Project title: Modelling the relationship between processing, structure and properties in conjugated polymers
Supervisors: Anne Guilbert and Jenny Nelson
Organic electronic materials are an important class of next-generation materials: exhibiting great flexibility in behaviour and offering less resource intensive manufacture than traditional semiconductors. We focus primarily on conjugated polymers for applications to Organic Photovoltaics (OPV), for which the final microstructure plays a key role in the performance of the device. The microstructure of the active layers is strongly dependent on the chemical structure of the component materials and process routes used, and typically the highest performing structures are metastable arrangements. As a result, the structures of practical films and the behaviour of the resulting devices can be highly variable. Modelling structure is equally challenging because of the huge conformational phase space of conjugated polymer films.
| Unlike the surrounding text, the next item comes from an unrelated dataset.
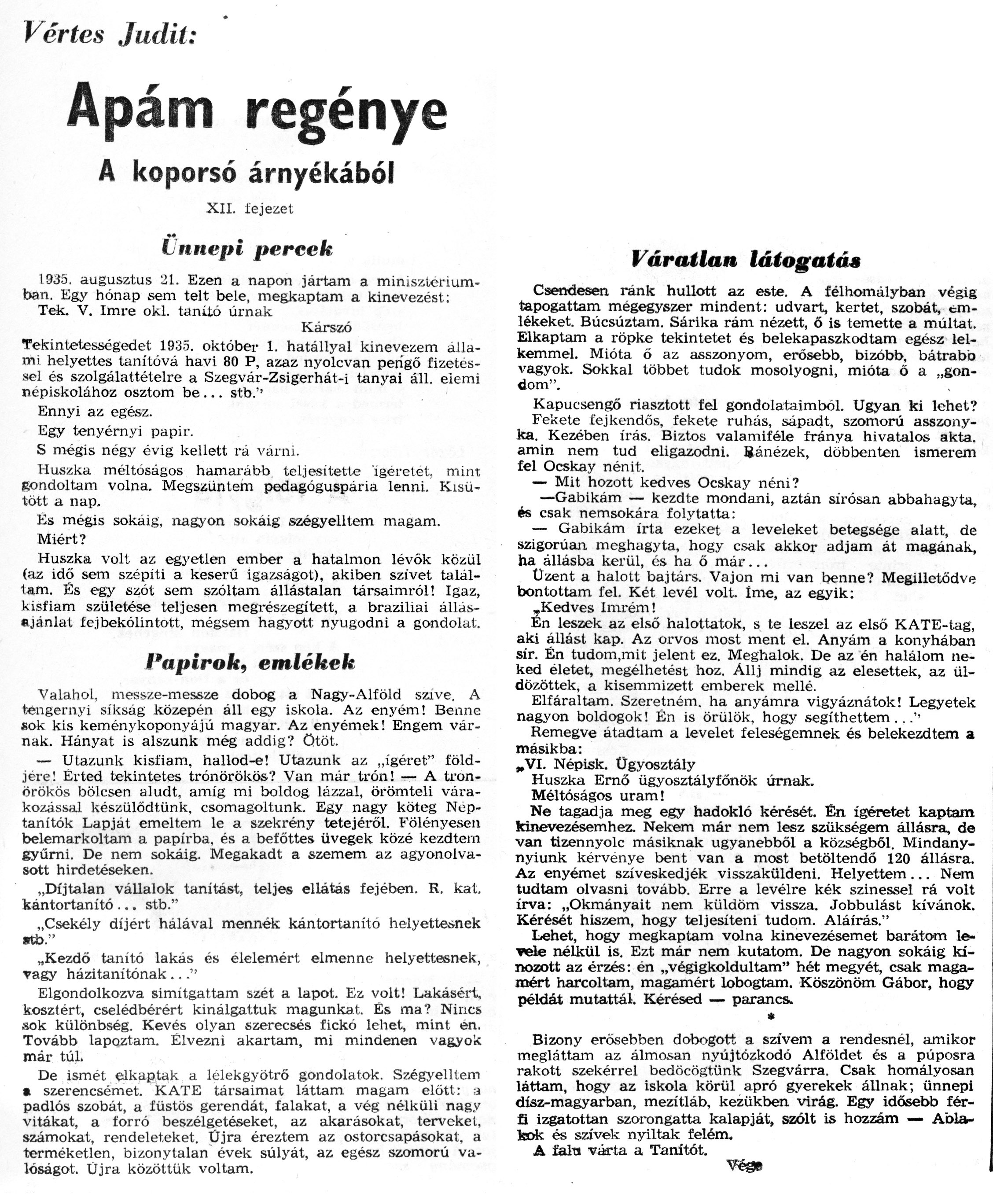 Nyilvános 1125 | 2150 | Zalai Hírlap 1971.03.21. 068sz 08old - Apám regénye 12 | A következő szöveg a cikkből keletkezett automata szövegfelismertető segítségével: Vértes Judit: Apám regénye A koporsó árnyékából XII. fejezet Ünnepi percek 1935. augusztus 21. Ezen a napon jártam a minisztériumban. Egy hónap sem telt bele, megkaptam a kinevezést: Tek. V. Imre oki. tanító úrnak Kárszó Tekintetességedet 1935. október 1. hatállyal kinevezem állami, helyettes tanítóvá havi 80 P, azaz nyolcvan pengő fizetéssel és szolgálattételre a Szegvár-Zsigerhát-i tanyai áll. elemi népiskolához osztom be... stb.\'1 Ennyi az egész. . . Egy tenyérnyi papir. S mégis négy évig kellett ra várni. Huszka méltóságos hamarább teljesítette ígéretet, mint gondoltam volna. Megszűntem pedagóguspária lenni. Kisütött a nap. És mégis sokáig, nagyon sokáig szégyelltem magam. Miért? Huszka volt az egyetlen ember a hatalmon lévók közül (az idő sem szépíti a keserű igazságot), akiben szivet találtam. És egy szót sem szóltam, állástalan társaimról! Igaz, kisfiam születése teljesen megrészegített, a braziliai állásajánlat fejbekólintott, mégsem hagyott nyugodni a gondolat. Papírok, emlékek Valahol, messze-messze dobog a Nagy-Alíöld szive. A tengernyi síkság közepén áll egy iskola. Az enyém! Benne sok. kis keménykoponyájú magyar. Az enyémek! Engem várnak. Hányat is alszunk még addig? ötöt. — Utazunk kisfiam, hallod-e! Utazunk az „ígéret" földjére! Érted tekintetes trónörökös? Van már trón! — A trónörökös bölcsen aludt, amíg mi boldog lázzal, örömteli várakozással készülődtünk, csomagoltunk. Egy nagy köteg Néptanítók Lapját emeltem le a szekrény tetejéről. Fölényesen belemarkoltam a papírba, és a beíőttes üvegek közé kezdtem gyűrni. De nem sokáig. Megakadt a szemem az agyonolvasott hirdetéseken. „Díjtalan vállalok tanítást, teljes ellátás fejében. R. kat. kántortanító ... stb." „Csekély díjért hálával mennék kántortanító helyettesnek «ü>." „Kezdő tanító lakás és élelemért elmenne helyettesnek, vagy házitanitónak ..." Elgondolkozva simitgattam szét a lapot. Ez volt! Lakásért, kosztért, cselédbérért kinálgattuk magunkat. És ma? Nincs sok különbség. Kevés olyan szerecsés fickó lehet, mint én. Tovább lapoztam. Élvezni akartam, mi mindenen vagyok már túl. De ismét elkaptak a lélekgyötrő gondolatok. Szégyelltem • szerencsémet. KATE társaimat láttam magam előtt: ;a padlós szobát, a füstös gerendát, falakat, a vég nélküli nagy vitákat, a forró beszélgetéseket, az akarásokat, terveket, számokat, rendeleteket. Üjra éreztem az ostorcsapásokat, a terméketlen, bizonytalan évek súlyát, az egész szomorú valóságot. Üjra közöttük voltam. Váratlan látogatás Csendesen ránk hullott az este. A félhomályban végig tapogattam mégegyszer mindent: udvart, kertet, szobát, emlékeket. Búcsúztam. Sárika rám nézett, ő is temette a múltat. Elkaptam a röpke tekintetet és belekapaszkodtam egész lel-kemmel. Mióta ő az asszonyom, erősebb, bizóbb, bátrabb vagyok. Sokkal többet tudok mosolyogni, mióta ő a „gondom". Kapucsengő riasztott fel gondolataimból. Ugyan ki lehet? Fekete fejkendős, fekete ruhás, sápadt, szomorú asszonyka. Kezében írás. Biztos valamiféle fránya hivatalos akta. amin nem tud eligazodni. Ránézek, döbbenten ismerem fel Ocskay nénit. — Mit hozott kedves Ocskay néni? —Gabikám — kezdte mondani, aztán sirósan abbahagyta, és csak nemsokára folytatta: — Gabikám írta ezeket a leveleket betegsége alatt, de szigorúan meghagyta, hogy csak akkor adjam át magának, ha állásba kerül, és ha ö már... Üzent a halott bajtárs. Vajon mi van benne? Megilletődve bontottam fel. Két levél volt. Íme, az egyik: ,Kedves Imrém! En leszek az első halottatok, s te leszel az első KATE-tag, aki állást kap. Az orvos most ment el. Anyám a konyhában sir. Én tudom.mit jelent ez. Meghalok. De az én halálom neked életet, megélhetést hoz. Állj mindig az elesettek, az üldözöttek, a kisemmizett emberek mellé. Elfáraltam. Szeretném, ha anyámra vigyáznátok! Legyetek nagyon boldogok! Én is örülök, hogy segíthettem .. .\'• Remegve átadtam a levelet feleségemnek és belekezdtem a másikba: „VI. Népisk. Ügyosztály Huszka Ernő ügyosztályfőnök úrnak. Méltóságos uram! Ne tagadja meg egy hadokló kérését. Én ígéretet kaptam kinevezésemhez. Nekem már nem lesz szükségem állásra, de van tizennyolc másiknak ugyanebből a községből. Mindany-nyiunk kérvénye bent van a most betöltendő 120 állásra. Az enyémet szíveskedjék visszaküldeni. Helyettem ... Nem tudtam olvasni tovább. Erre a levélre kék színessel rá volt írva: „Okmányait nem küldöm vissza. Jobbulást kívánok. Kérését hiszem, hogy teljesíteni tudom. Aláírás." Lehet, hogy megkaptam volna kinevezésemet barátom levele nélkül is. Ezt már nem kutatom. De nagyon sokáig kínozott az érzés: én „végigkoldultam" hét megyét, csak magamért harcoltam, magamért lobogtam. Köszönöm Gábor, hogy példát mutattál. Kérésed — parancs. * Bizony erősebben dobogott a szivem a rendesnél, amikor megláttam az álmosan nyújtózkodó Alföldet és a púposra rakott szekérrel bedöcög\'tünk Szegvárra. Csak homályosan láttam, hogy az iskola körül apró gyerekek állnak; ünnepi dísz-magyarban, mezítláb, kezükben virág. Egy idősebb férfi izgatottan szorongatta kalapját, szólt is hozzám — Ablakok és szívek nyíltak felém. A feht várta a Tanítót. |

We focus on challenges of bridging length and time scales in simulations of polymer dynamics to start to unravel relationships between the processing and the final structure (and ultimately the performance). Initial work focuses on polyfluorene, where experimental studies have revealed the conditions in which a known conformer is formed in solution1 before progressing to more complex blends of organic materials.
Perevedentsev, Aleksandr, et al. "Solution‐crystallization and related phenomena in 9, 9‐dialkyl‐fluorene polymers. I. Crystalline polymer‐solvent compound formation for poly (9, 9‐dioctylfluorene)." Journal of Polymer Science Part B: Polymer Physics 53.21 (2015): 1481-1491.